そう意識した途端、自分は男の人と二人っきりだという事にドキリとした。

彼はマルクスほどではないが、まぁ、ハンサムの部類に入る顔立ちをしていてスラリと背も高い。

だが、男性にあまり免疫のないリリーには未知の存在だった。

どうしたって意識してしまう。


「君には、ここに書いてある本を探して欲しいんだ」

「………」

「聞いてますか?」


何も返事をしないリリーを不審に思ったのかダラスは高い背を屈めて顔を覗き込んできた。

ダラスの赤茶色の瞳の中に自分が居るのが見えてしまい、その、あまりに近い距離に驚いた彼女は一歩後ずさった。

その行動を不思議そうな目で見つめられ、意識しているのは自分だけなんだと思うと急に恥ずかしくなった。


「は、はい。本を探せばいいんですね?」


恥ずかしさを隠すように急いでそう言うと、何も無かったかのようにダラスは姿勢を元に戻すと、手に持っていた紙を渡してきた。

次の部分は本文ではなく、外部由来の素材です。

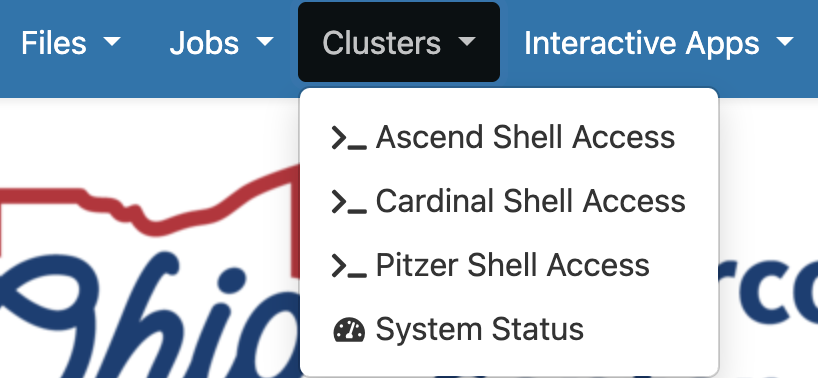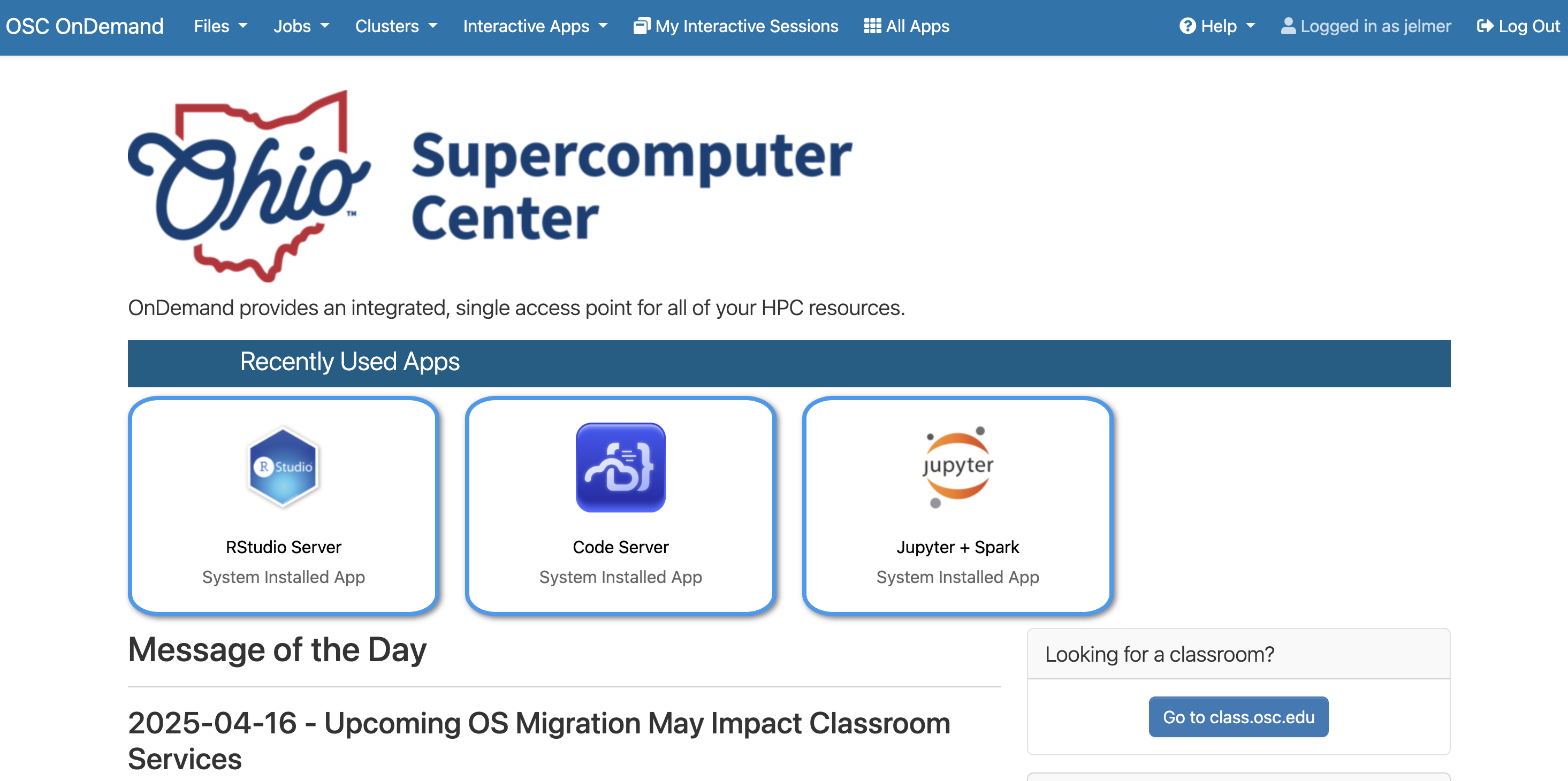 Go to https://ondemand.osc.edu. Use the username + password login option on the left-hand side to log in with your OSC (not OSU!) credentials. Once logged in, you should see a landing page similar to the one below:

「これが、リストです。ここに書いてあるものは、すべてあそこの本棚にあると思うので後はよろしくお願いします」

「わかりました」


後はよろしくの部分を聞き逃し、頷いて返事をした彼女は、ダラスが元来た方向へ体を向けるのを見て、まさかと思った彼女は慌てて彼の服を引っ張った。


「あの、どちらに?」

「僕はこれからミレーヌ様の所へ行かなくてはならないので」


(はい?まさか、一人でこれを探せと?)


どうにもムカッとして彼を睨みつけると何かを察したのか、ダラスは「あぁ、心配要りません。直ぐに他の者も来ますから、そしたら本を渡してください。では」と言って奥へと消えて行き、しばらくすると扉の閉まる音が微かに聞こえた。


「何よ、もう!」


そう叫んだ言葉は書庫室にこだまして消えた。

初めはダラスの事が腹立たしく何も思わなかったのだが、時間が経つにつれ冷静になってくると、なんだか、一人っきりだというのをもろに感じてしまい無性に寂しくなってきた。

しかも、1冊どうしても見つけられない。

いよいよ寂しさよりも困ったという気持ちが大きくなってきた所に、扉が開く音が耳を掠めた。


(やっと誰か来てくれたのかしら?)


と意識を入り口の方へと向けると人の話し声が微かに聞こえた。

一人は男で、もう一人は女の人の声だった。

しかし、その声の主達はこちらへとやって来る気配がまるで無く、ぼそぼそと何かを話しているようだ。


(ダラス様がよこした人とは違うのかしら?)


首をかしげながら、とりあえずその人達に話しかけようと、入り口へと足を向けた。

段々近づくにつれ、話し声は大きくなり、リリーの耳にもハッキリと聞こえてきた。


「いいか、計画通りに事を進めるんだ。じゃ無ければ、俺もお前も命は無い。わかってるな?」


そう言う男性の声が聞こえた途端、リリーはピタリと足を止め、息を呑んだ。

幸い、まだ二人からは距離がある為、彼らはリリーの存在に気が付いてはいない。

だがここで物音一つでも立てれば見つかってしまう可能性は高い。

それに話の内容が内容なだけに下手に見つかれば何をされるかわからない。


「わかっているわ。アリス様の為もあるけど私も死にたくは無いわ」


その声に、リリーの心臓は更にドクドクと嫌な音を立てた。

この声を彼女は知っている。

だが、顔を確かめて見なければわからない。

というか、彼女であって欲しくない。


どうしようと迷った末、意を決して確かめる事にしたリリーは、そうっと足音を消しながら何とか彼らに近づき、本棚の向こうを覗こうとした瞬間、扉が開く音が響き驚いたリリーは身体を元の位置へ戻した。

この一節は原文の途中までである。